PROC's Santy X-clusive
19th Dec 2007
SANTY EXCLUSIVE
Alan Ger
"Can't
ye fix it like?" |
The meeting was conducted in a bar in Ahakista on the Sheep's Head peninsula so as not to raise suspicions about the Lapland diplomat - his small stature and pointy ears not being out of place in the remote West Cork hamlet.
Over a toasted special, both parties discussed issues concerning Santy's deliveries but the elf refused to reveal the route that Daidí na Nollaig would be taking across the county this year.
PROC officials had raised the issue as there were fears that the usual approach from the south coast may set off 'white Christmas' alarm bells on the coastguard and Navy radar screens continually monitoring the area for drug traffickers.
Typical:
public sector workers on the hop. |
SANTY'S CARBON
EMMISSIONS
Also on the elf's agenda was passing PROC detailed information on Santy's new environmentally friendly sleigh. While it is well known that reindeers provide most of the vehicle's power, in recent years Santy's engineer's have had to add two supplementary jet fuel engines such was heavy load of toys for Cork alone.
"Cork kids are so good that Santy has to bring twice as many toys for them as those in other counties", the elf said, "this has put an extra load on the sleigh in recent years and it has been necessary to add more power the sled".

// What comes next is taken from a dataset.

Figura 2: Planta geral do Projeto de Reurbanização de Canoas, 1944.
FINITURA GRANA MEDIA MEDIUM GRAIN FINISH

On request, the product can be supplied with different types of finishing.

Originally engineers had been working on a nuclear powered sled but the "Nuclear Free Zone" signs at Cork City's bounds hindered their advancement. Fears had been raised at City Council that Cork's vehement stance on the nuclear issue might force Santy to dump presents for some children outside the city for collection by their parents on Christmas morning.
SANTY'S PARKING
PERMIT
Other councilors raised the issue of the sleigh being towed away or clamped
if found parked illegally but on this issue a "city wide parking permit"
was issued by officials at City Hall's Traffic Division and mailed to Lapland
for Santy to display on his sleigh while visiting Cork.

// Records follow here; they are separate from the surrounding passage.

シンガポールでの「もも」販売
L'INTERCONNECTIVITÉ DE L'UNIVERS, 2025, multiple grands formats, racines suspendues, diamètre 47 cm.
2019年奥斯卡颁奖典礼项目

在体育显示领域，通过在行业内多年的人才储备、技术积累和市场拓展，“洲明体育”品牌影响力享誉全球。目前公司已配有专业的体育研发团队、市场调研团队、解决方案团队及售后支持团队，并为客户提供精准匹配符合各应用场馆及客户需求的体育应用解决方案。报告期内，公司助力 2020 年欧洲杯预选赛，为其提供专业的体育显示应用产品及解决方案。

Two weeks ago PROC learned that design engineers at Boeing successfully tested a prototype sleigh which will allow Santy to use the power of jet propulsion but with a fuel that does not contribute to global warming.
The mysterious fuel, believed to be a volatile composite of hydrogen, sodium and magic dust, is being heralded as a guarantee that every well behaved Cork smallie will get what they asked for this Christmas.
When
Kieran Fallon heard there was snow in Lapland he jumped on the plane.
Wasn't quite what he had hoped though. |
REINDEERS CRUCIAL
Just in case boys and girls thought that Santy's reindeers were about to become
redundant, it was made known at the meeting in Ahakista that Christmas's favourite
four legged friends provide much of the crucial navigation facilities needed
for the action packed 24 hour round trip as well as a reliable power source
if the new auxiliary engines fail.
In a disastrous
test run in 2002 when the reindeers were refused permission to leave Lapland
because of the foot-and-mouth crisis, Santy's newly installed GPS and SatNav
systems failed abysmally, leaving many Cork children without presents until
after dinner on Christmas Day.
"These
terrestrial systems are suitable for slow moving vehicles like aeroplanes and
cars, ", said the elf, "but Santy's sleigh moves at just below the
speed of light rendering these fancy computers completely useless - poor Mr.
Claus had to navigate by sight which took him much longer than normal".
DOPING TESTS
This year all reindeers are said to be in good shape and doping tests have come
back clear. In 2004 top jockey Kieren Fallon was invited to Lapland to help
prepare the herd for their annual round-the-world trip and the reindeers circumnavigated
the globe in record time - finishing almost three hours early. A doping test
was ordered by Santy, the results of which were not made public.
Concerns
were raised around the world however when some children received their presents
around 8pm on Christmas Eve before even they got into bed. This is against Santy's
strict rules - all children have to be asleep before any presents are delivered
and the idea of employing top coaches for the reindeers has now been scrapped.
There was also
this final message from Santa headquarters:
"Garry McCarthy, age nine and a quarter, from Ballincollig should put the
five euro he took from his mam's purse back or there'll be no wii he'll get
what he wants this Christmas."
Nollaig Shona Díobh!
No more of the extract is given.